Персонал интерната, в котором раньше жила Оля, не мог придумать ничего лучше, кроме как связывать Олю пеленкой и сажать на мягкий пуфик. В моих словах нет упрека – там было двое взрослых на двадцать пять детей. Что, действительно, они могли сделать? Когда Оле переставали помогать и пуфик, и пеленка, ее госпитализировали. Отправляли одну, обычно на три месяца, в детскую психиатрическую больницу, где она никого не знала, ни детей, ни взрослых, и там она просто лежала целыми днями. Скорее всего – под лекарствами, скорее всего – со связанными руками.
Постоянные читатели рубрики «Русфонд.Дом» знают, что случилось потом. Православная служба «Милосердие», заручившись поддержкой Русфонда, создала маленький Домик, где живут 22 ребенка с тяжелыми множественными нарушениями развития. Живут как в семье – со взрослыми, с играми, прогулками, поездками. Оля тоже там живет.
У Оли больше нет синяков. Пеленка с ее фамилией больше не сдерживает ее руки, а просто всегда лежит рядом, так Оле спокойней. А кроме пеленки рядом с Олей теперь лежат какие-то ключики, два огромных барабана, внутрь которых насыпана крупа, большая сумка, мягкое одеяло – всех Олиных богатств я не запомнила, но их и правда очень много. Оля не расстается с ними никогда – все время очень нежно их поглаживает, замирая, улыбаясь, как будто прислушиваясь к необычным ощущениям в пальцах. Теперь, когда Олины руки развязаны, стало видно, какие у нее красивые длинные пальцы, тонкие запястья и плавные, как у танцовщицы, движения.

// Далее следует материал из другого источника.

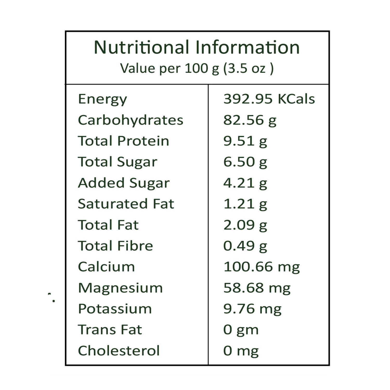 Ragi Choco Malt is a wholesome health drink that delivers both taste and nutrition in every sip. Each 100g serving provides 392.95 Kcals of energy, making it an excellent source of long-lasting fuel for growing kids. With 9.51g of protein and 82.56g of carbohydrates, it supports active growth, energy, and strength. The drink is rich in calcium (100.66mg) for strong bones and teeth, along with magnesium (58.68mg) and potassium (9.76mg) that aid muscle and nerve function. Low in fat (2.09g) and free from trans fat and cholesterol, it’s a guilt-free, nutritious chocolate treat for children.
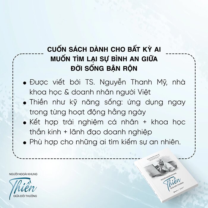 Người Ngoài Khung - Thiền Giữa Đời Thường Ở Việt Nam, khi nhắc đến thiền, nhiều người dễ liên tưởng đến các hoạt động mang tính tôn giáo. Phần lớn sách viết về thiền cũng do các bậc tu hành biên soạn, khiến công chúng khó thấy sự gần gũi vì khoảng cách giữa tác giả và người đọc vẫn còn khá xa. Từ góc nhìn của một nhà khoa học, một “doanh nông” giản dị, một người khởi nghiệp ở tuổi 60 và chọn gắn bó phần đời còn lại với nông dân quê hương, tác giả Nguyễn Thanh Mỹ sẽ cho người đọc hiểu thế nào là “thiền giữa đời thường” và “sống thiền” thực sự ra sao. Quyển sách mang đến cách tiếp cận gần gũi, lồng ghép giữa dữ liệu khoa học, chuyện đời và trải nghiệm lãnh đạo doanh nghiệp một cách chân thực, mộc mạc. Bạn đọc sẽ được lắng nghe lời tâm sự từ một người bạn vong niên giàu trải nghiệm và đầy tình thương. Thiền, không chỉ là ngồi yên và quan sát tâm trí, mà còn là khả năng “hành thiền” trong từng hành động đời thường. Một kỹ năng sống thiết yếu giữa nhịp sống hiện đại đầy biến động và bận rộn như hôm nay. CUỐN SÁCH CHỨNG MINH THIỀN LÀ MỘT LỐI SỐNG: THỰC TIỄN, SÂU SẮC VÀ DÀNH CHO TẤT CẢ MỌI NGƯỜI Thông tin tác giả Tiến sĩ Nguyễn Thanh Mỹ là Chủ tịch Hội đồng quản trị Công ty Cổ phần MyLan Group; Chủ tịch Hội đồng quản trị Công ty Cổ phần RYNAN Holdings JSC, có trụ sở tại Khu công nghiệp Long Đức, TP. Trà Vinh. Ông là một doanh nhân và nhà khoa học nổi tiếng người Việt Nam, là nhà phát minh và đồng phát minh trên 400 bằng sáng chế ở Hoa Kỳ, Canada, Trung Quốc, Việt Nam và nhiều nước khác. Ông cũng là đồng tác giả 68 bài báo cáo về hóa học vật liệu trên các tạp chí khoa học ở Hoa Kỳ, Anh và Đức. Ông đã nhiều lần tham gia các hội nghị về khoa học, khởi nghiệp, nông nghiệp thông minh trong và ngoài nước với tư cách diễn giả.

«Когда мы только переехали, ей было совсем плохо. Видимо, из-за резкой смены обстановки», – говорит Тома Крутенко, студентка-нейробиолог и воспитатель в новом Домике. Сразу после переезда Оля отказывалась слезать с кровати, не спала ночью, раскачивалась и кричала. Тома рассказывает, что старший воспитатель их группы Петр Мейский интуитивно понял, что нужно делать. Петр Мейский работал врачом-психиатром в бывшем Олином интернате, уволился оттуда и пришел работать в Домик простым воспитателем.
В сложный адаптационный период Мейский предложил то, что предложили бы любому домашнему ребенку, – нарушить режим. Несколько дней Оля делала что хотела: не вставала с кровати, когда не хотела, не спала, когда не хотела, ее не водили гулять, не заставляли есть. Кроме того, рядом с ней все время был взрослый.
Через несколько дней, впервые за 17 лет своей жизни, Оля поняла, что у нее есть право выбора. Мир, в котором ты можешь выбирать, в котором от тебя что-то зависит, совсем не такой страшный, как мир, где тебя везут, кладут, переодевают и пересаживают.
Новый Олин Домик – негосударственный. Содержание ребенка в таком детском доме обходится в 120 тыс. рублей в месяц. Это довольно большая сумма, и половину которой обычно не тратят на содержание домашнего ребенка в семье. Но дома у ребенка есть родители, чье время, проведенное рядом с ребенком, никто не оценивает в рублях и копейках. Получается, что если попробовать воссоздать эту семейную жизнь (с детской на двух девочек, а не на двадцать, с индивидуальным вниманием, с прогулками каждый день), она обходится гораздо дороже настоящей семейной жизни. Получается, что эта огромная сумма – цена мамы. Цена близкого взрослого для Оли.
Того, который умеет слушать, того, который предложит сделать выбор, того, наконец, кто разрешит тащить с собой на улицу два барабана, сумку, ключи и огромное одеяло.
Эта публикация подготовлена в рамках совместного проекта Русфонда и портала «Милосердие». Русфонд помогает Свято-Софийскому детскому дому для детей-инвалидов (проект «Русфонд.Дом»).